Conflictos de altos vuelos

Me gustan los conflictos. Bueno, no se si la palabra “gustar” es la adecuada. Digamos que los conflictos son mi “rollo”, es mi tema, es mi razón laboral. Todos, o casi todos, los cursos que imparto nacen de un conflicto: no me reciben, no me compran, me compran poco, no quieren volver a comprarme, no me pagan, no sé como ofrecer eso sin molestar, no sé como llegar a acuerdo, no me hacen caso, no quieren hacer esto, etc… Todas las acciones orientadas a resolver algo a través del lenguaje conllevan un conflicto (o problema, o desliz, o inconveniente o llámalo como quieras.) Y este es mi “tema.” por eso, cuando en mi vida personal surge un conflicto del que yo solo soy un espectador tengo una sensibilidad o curiosidad extrema (a veces insana) en analizar cómo lo enfocan los actores principales.

La semana pasada fui a Barcelona a impartir una sesión de transferencia de un curso que desarrollé antes del verano. En el avión de Vueling de vuelta, llevábamos un rato dentro del avión esperando a que nos dieran luz verde para despegar y las caras y murmullos de queja-hastío-cansancio de muchos pasajeros empezaban a ser notables.

Y entonces, como suele ser habitual, el comandante tomó el micrófono para tratar de apaciguar los ánimos. Pero lo que hizo poco tiene que ver con lo que he escuchado en innumerables ocasiones. El piloto se llamaba Iván Chirivella y quiero contaros lo que hizo.

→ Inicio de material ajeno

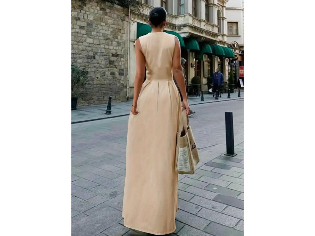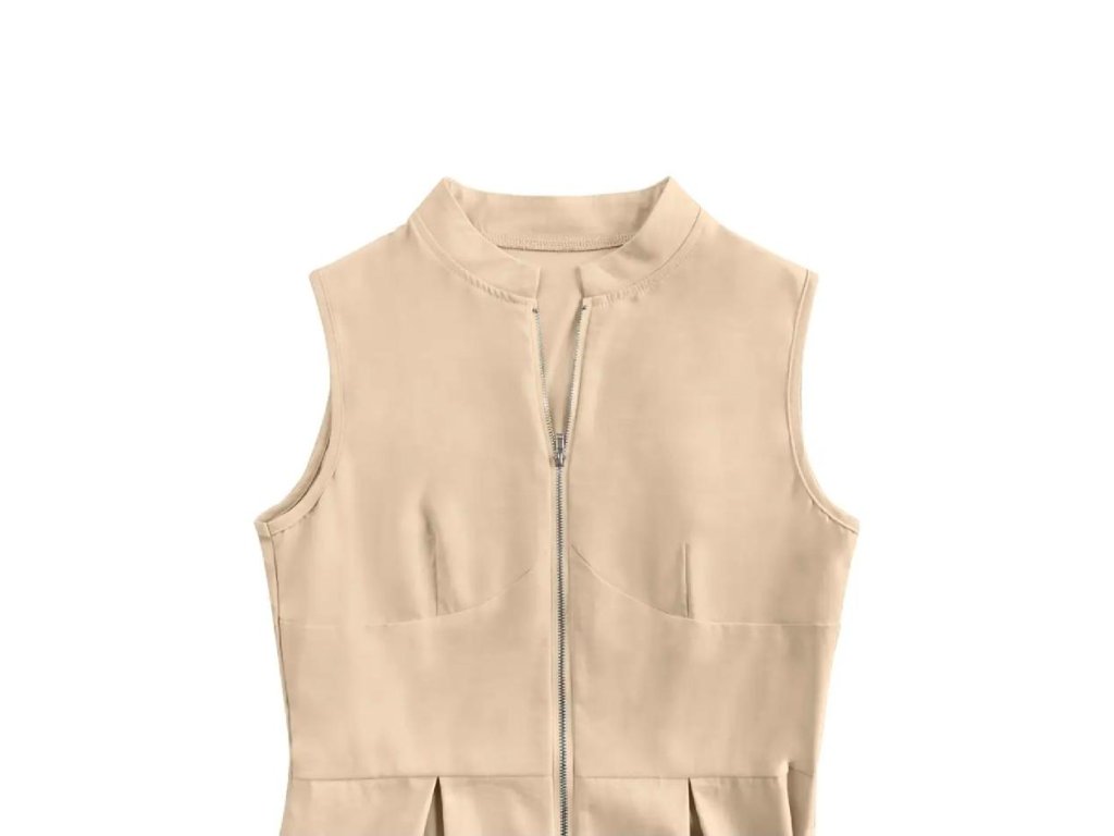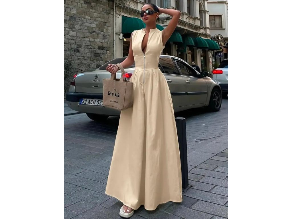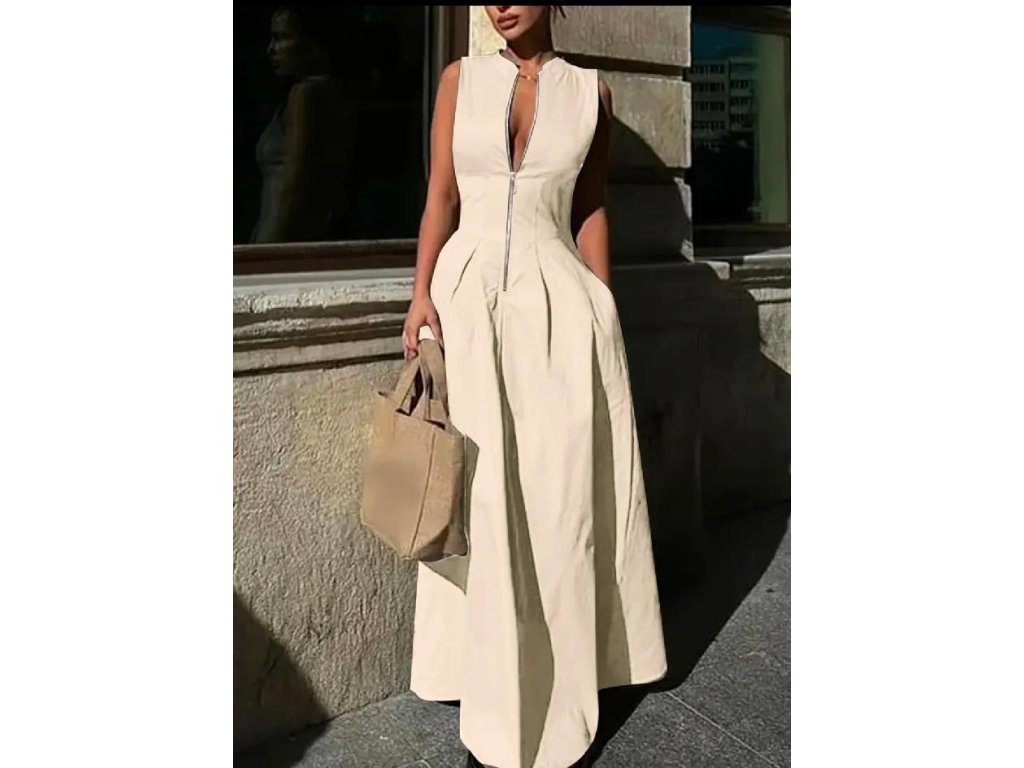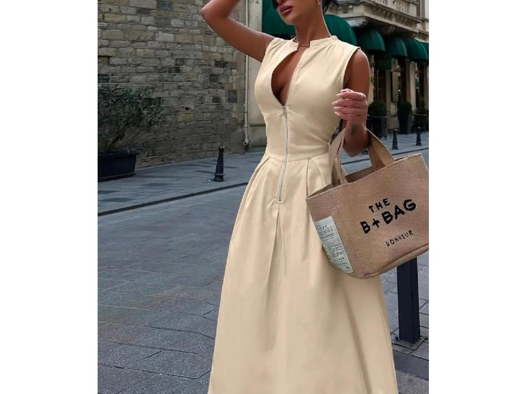 Výrazný zip v přední části umožňuje regulovat hloubku výstřihu a dodává modelu jemně smyslný nádech. Šaty jsou bez rukávů, ideální na teplejší dny, letní večery, dovolenou, ale i slavnostní příležitosti či stylové městské nošení.

Se presentó y presentó a su tripulación. Confirmó que estaba a la espera de confirmación para el despegue pero no trató de calmar directamente a los pasajeros, ni informó sobre el tiempo previsto de espera. En lugar de eso, empezó un pequeño y fresco monólogo que dejó a la gran mayoría descolocada (al principio) y sonriente a medida que su storytelling iba cogiendo forma.

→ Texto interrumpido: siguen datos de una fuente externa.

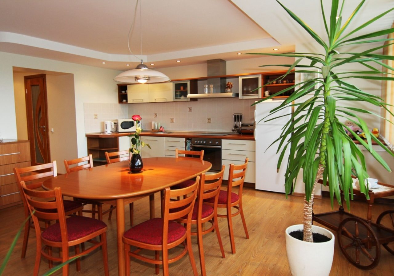 Butas labai jaukus, erdvus (58 kv m) ir šiltas( langai į pietų pusę), devynauksčio šeštajame aukšte (yra naujas modernus liftas). Miegamajame dvigulė lova su vientisu čiužiniu (2-1,80m), balkonas, iš kurio atsiveria puiki panorama į tiltelį per upelį Ratnyčėlė.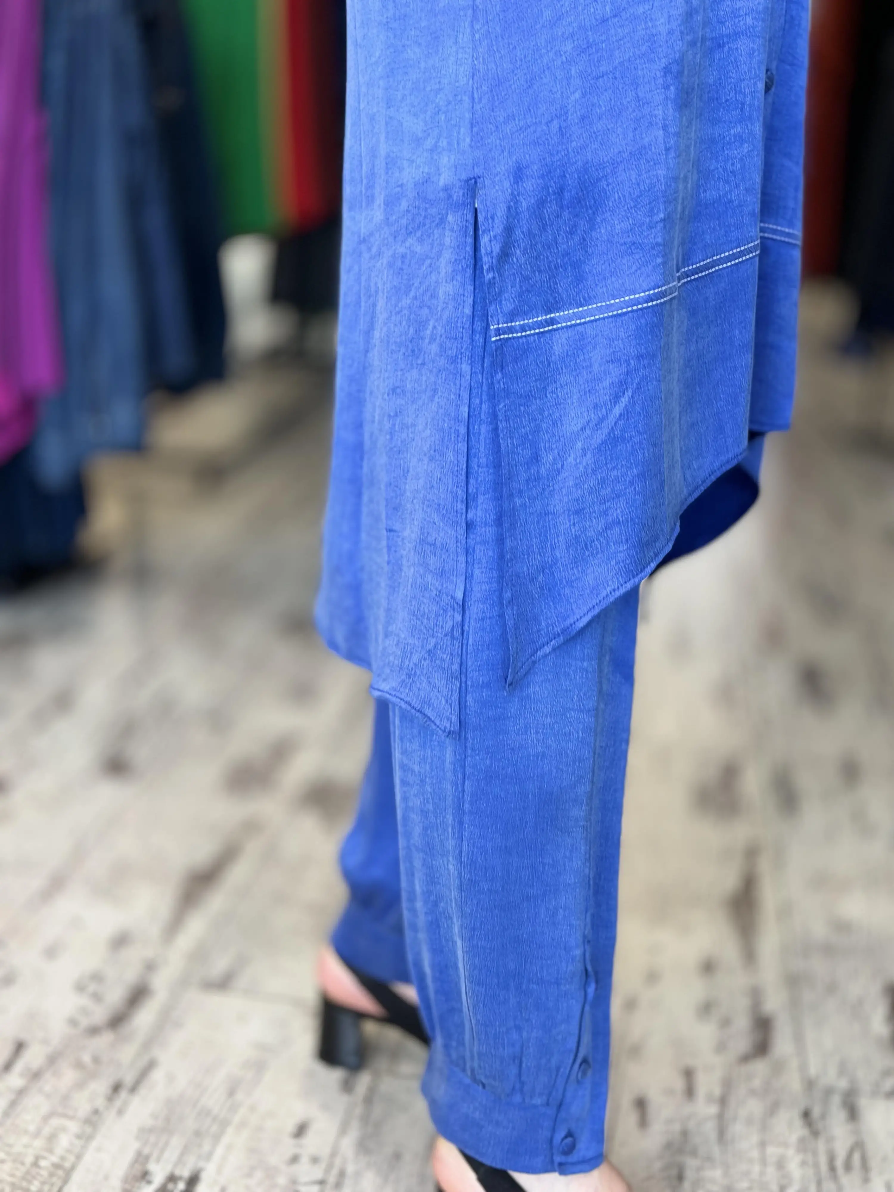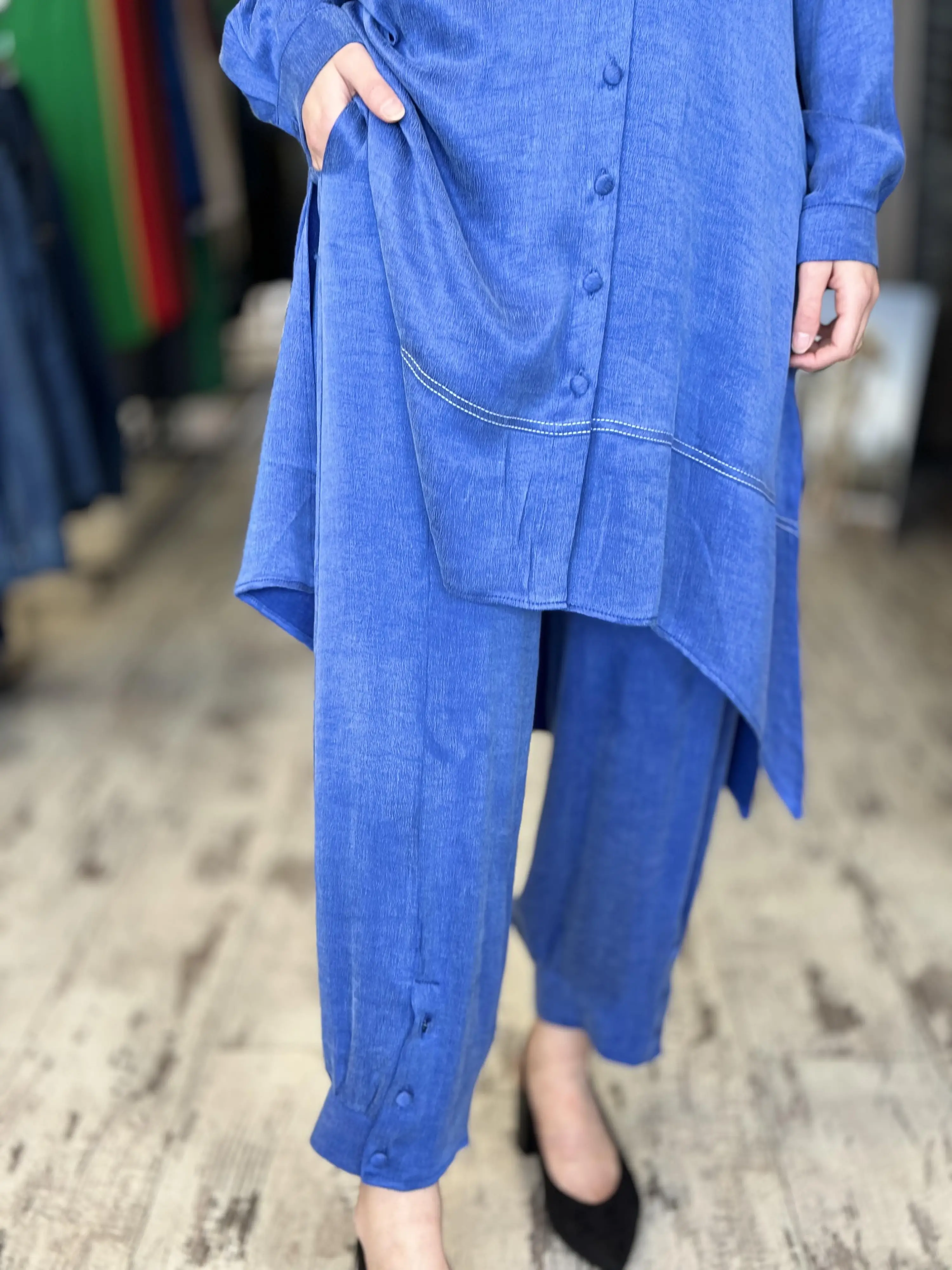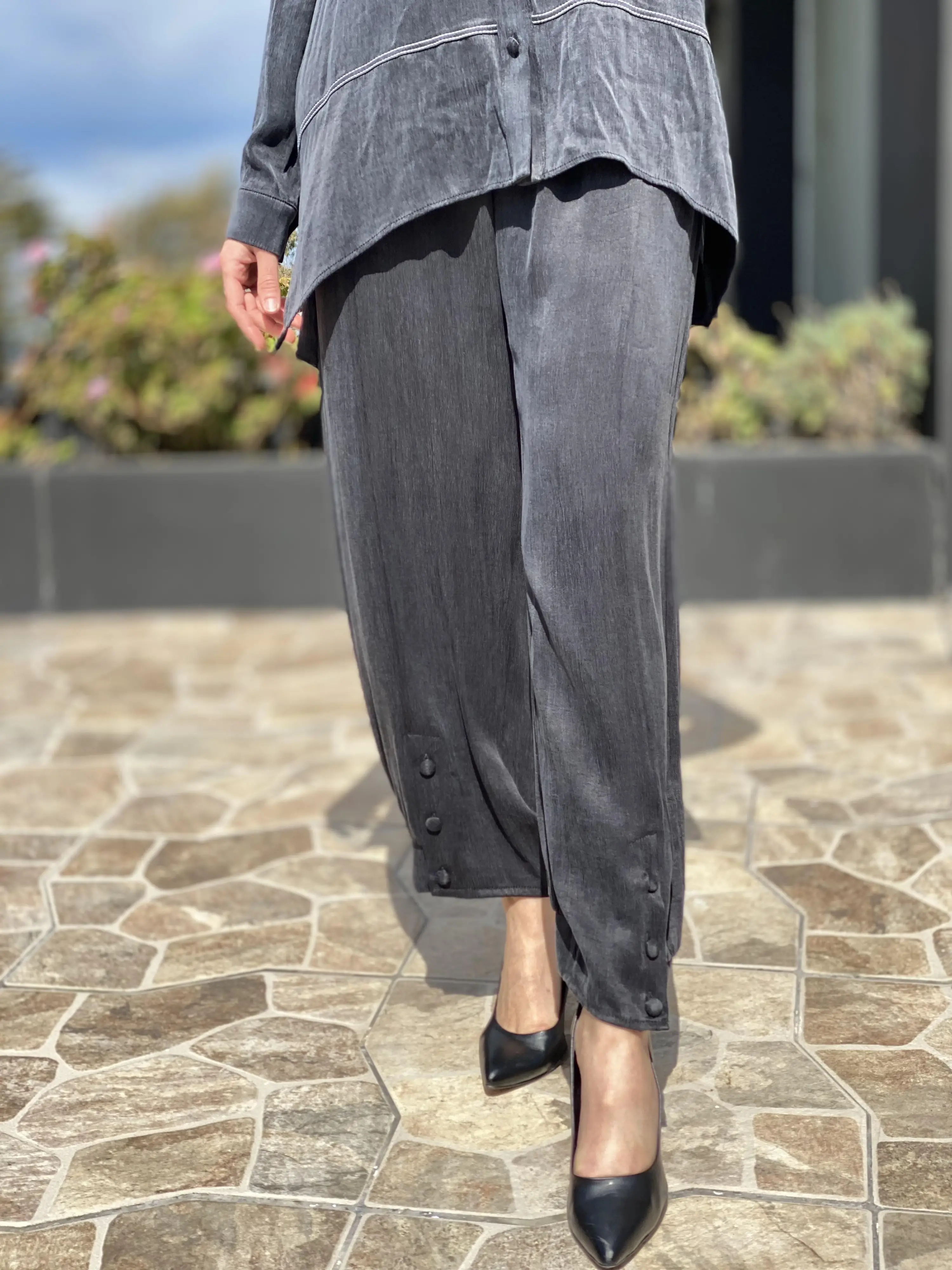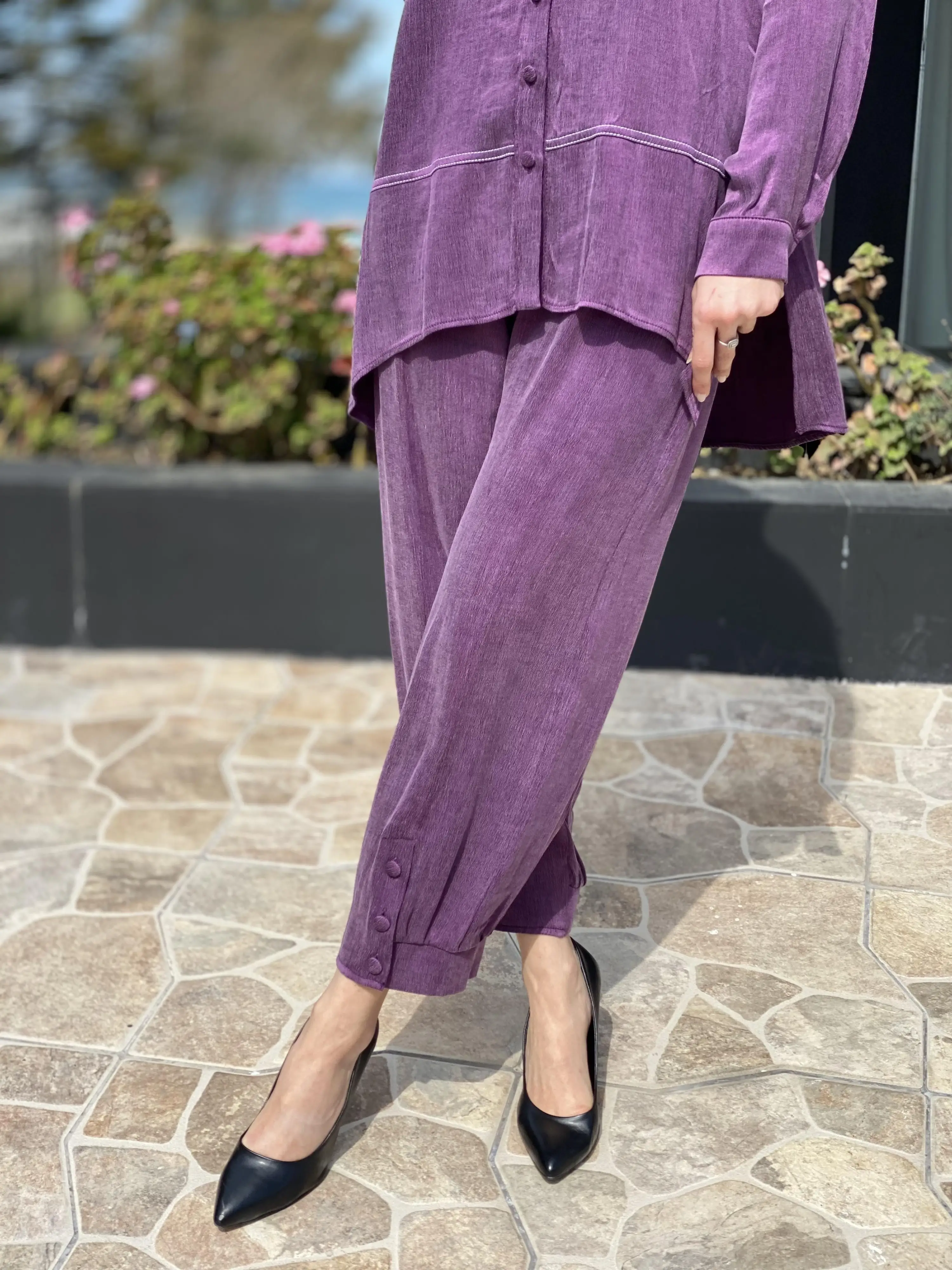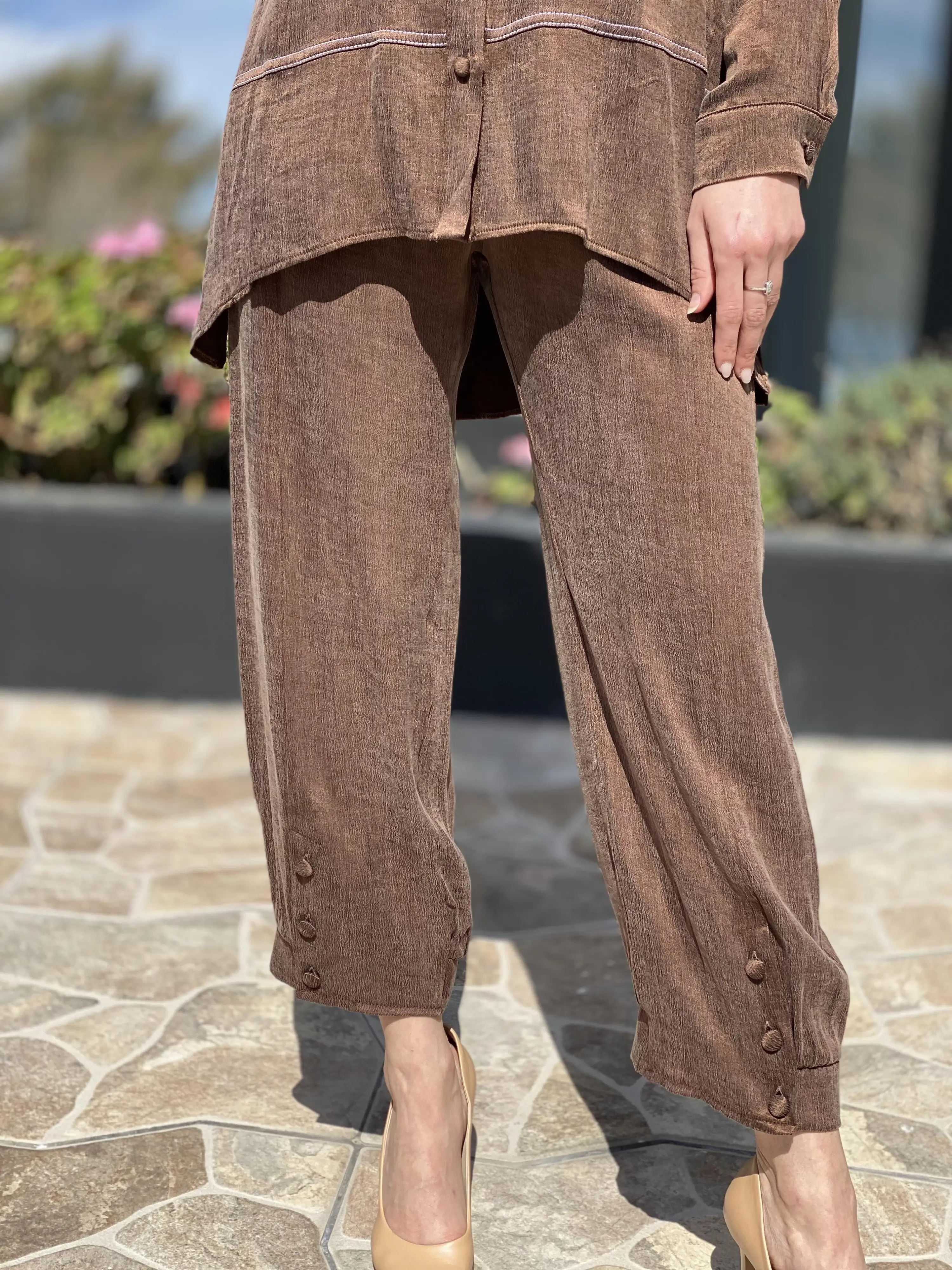 Almarwah Paçası Düğmeli Beli Lastikli Cupra İpek Pantolon 606045

Nos habló de la velocidad a la que volaríamos mostrada en una variable asociada a la velocidad del sonido. Nos instó a convertirla a kilómetros dándonos la fórmula matemática. Compartió con nosotros la curiosa paradoja de que en Alicante estaban a 32º centígrados y que cuando estuviésemos volando en el exterior del avión estaríamos a -32º centígrados. El peso del avión con pasajeros equivalía a 63 elefantes. Nos contó qué cosas podríamos divisar en el trayecto (el delta del Ebro, segundo más grande del mediterráneo tras el Nilo y el –no demasiado concurrido- aeropuerto de Castellón. ) Y el final de su monólogo –ya con todo el mundo callado escuchando con media sonrisa al humorista amateur- fue algo así como… “Por favor, relájense y disfruten del vuelo. Traten de olvidarse de los problemas, del trabajo y de todo lo mundano. Nuestro personal de vuelo es fabuloso pero si no lo hacen bien, díganmelo y los mandaremos al rincón de pensar.” La entoncación, los silencios, los cambios de ritmo denotaban que este tipo dominaba las artes escénicas de la interpretación.

Miré mi reloj para calcular los 7 minutos que había durado su speech. Tras unos segundos de encendidos aplausos de TODOS los pasajeros, y tras 3 segundos empezó de nuevo con todo el arsenal pero esta vez en inglés. Y las sonrisas se tornaron carcajadas.

Es cierto que he escuchado mejores monólogos. Pero es el mejor que he escuchado nunca en un avión. Al menos contado por el comandante. ¿Y las caras y murmullos de queja-hastío-cansancio de los pasajeros? Esfumadas como por arte de magia. Algo, aparentemente fuera de sus medios fue fabulosamente controlado y sepultado.

PD: Buscando el nombre del piloto por internet descubrí una noticia de El País en el 2013 que habla de… “Iván Chirivella, canario, de 27 años, tuvo enfrente todos los días a dos de los kamikazes que hicieron desaparecer las Torres Gemelas el 11-S de 2001. Como instructor les dio clases de vuelo durante dos meses. Una historia que narra en Cómplice inocente (Martínez Roca), que ayer presentó, junto a la periodista Alicia Mederos, que lo convenció para escribirlo.” ¿Será el mismo? ¿Es muy posible, no? Todo encaja.